I hate that our corporate overlords are getting good at crafting ads and conveying messages like this, but this one hits close to home.
 

Solaris

Member
Oct 27, 2017
5,285
I dunno man. How old were these blokes? I don't think anyone wouldn't immediately realise how racist that was.

Problem is you'd probably get a 'i would have said that to a white person! It's because his phone's going off, not because he's black.' Even assuming that's true it's an obviously different context.

They were both middle aged and one was a woman and aside from those comments they are perfectly nice and friendly people to deal with which is what makes it so baffling and frustrating.

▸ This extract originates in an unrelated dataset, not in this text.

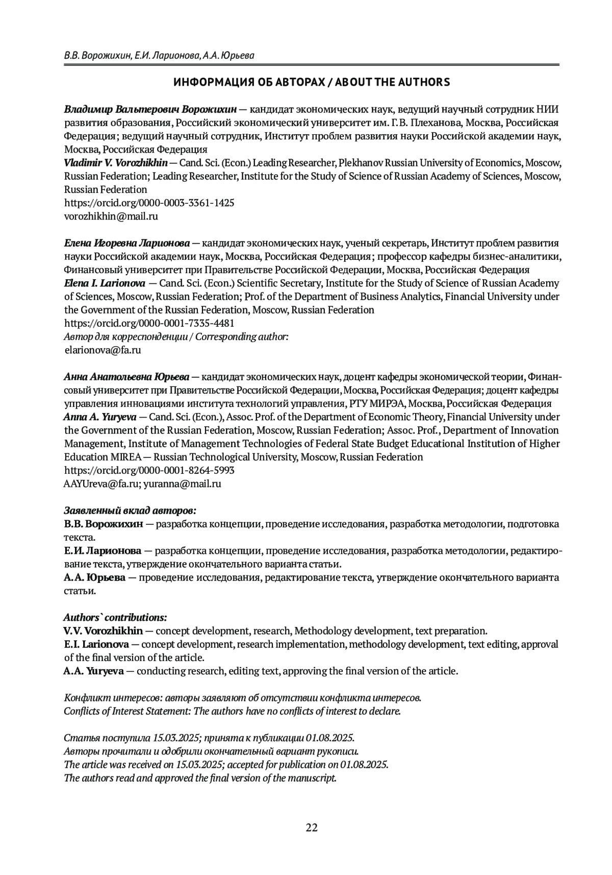 16. Ворожихин В. В. Мультисети: организационное решение увеличения числа исследователей и повышения конкурентоспособности российской науки. В сб.: Наука в инновационном процессе. Материалы международной научно-практической конференции. Москва; 2021:146-152. URL: https://www.issras.ru/scicoop/docs/public01122021.pdf https://doi.org/10.37437/9785912941719-21-ss2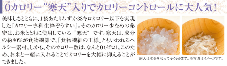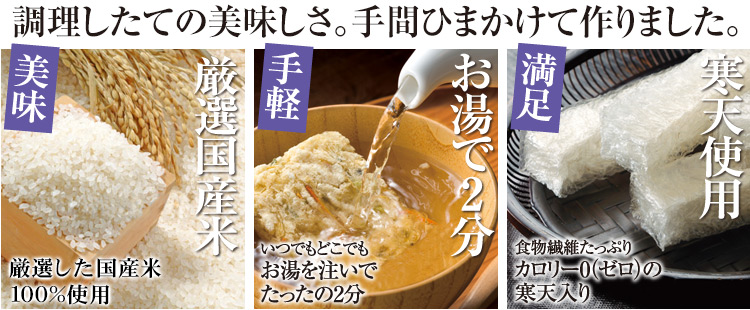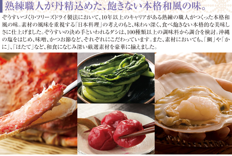 1袋あたり35kcal以下! 熟練の職人がつくった、飽きない本格和風の味。 ぞうすいづくり・フリーズドライ製法において、10年以上のキャリアがある熟練の職人がつくった本格和風の味。 素材の風味を重視する「日本料理」の考えのもと、味わい深く、食べ飽きない本格的な美味しさに仕上げました。 ■ダシからこだわり豪華素材を風味豊かに。 ぞうすいの決め手といわれるダシは、100種類以上の調味料から調合を検討。沖縄の塩をはじめ、味噌、かつお節など、それぞれにこだわっています。 また、素材においても「鯛」や「かに」、「ほたて」など、和食になじみ深い厳選素材を豪華に揃えました。 ○国内製造フリーズ食品

And exactly right, have seen it many times how lacking people can be in self reflection rather than just making an excuse
 

JudgeN

Member
Oct 25, 2017
265
User Banned (2 Weeks): Dismissing concerns regarding racism
Guess I'm lucky I'm in my city this isn't something that happens to me very often. I would have like them to show some of the opposite "look" I get from my own people when I bring my white wife around the old neighborhood. I notice that way more often and fine it extra annoying.

But gotta keep white people as the enemy I suppose.
 

TheCed

Member
Oct 27, 2017
2,418
I'm not part of any minority myself. But I have 2 wonderful parents who wanted to give some orphans from Haiti and Cambodia a second chance.

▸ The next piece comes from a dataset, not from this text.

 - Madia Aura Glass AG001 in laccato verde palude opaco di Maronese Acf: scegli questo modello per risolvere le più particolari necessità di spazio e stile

It pains me to know that sometimes, we're being looked at differently... for no good reasons.

I don't suffer directly but I love my brothers/sisters and don't want them to go through this.
 

Daingurse

Member
Oct 25, 2017
3,745
I'm a 6'4" black Male, so I know this look well. I'm seen as an inherent threat in too many people's eye. It is really tiring.
 

Jindrax

Attempted to circumvent ban with alt account
Banned
Oct 28, 2017
1,454
Lol as a black lawyer that video is too real.

Two weekends back I went to a police station as a government appointed attorney to provide legal assistance to an attested suspect.

As I get to the door of the police station I hear the lock turn and the cop stare me down on the other side. I try the door and he points at the doorbell.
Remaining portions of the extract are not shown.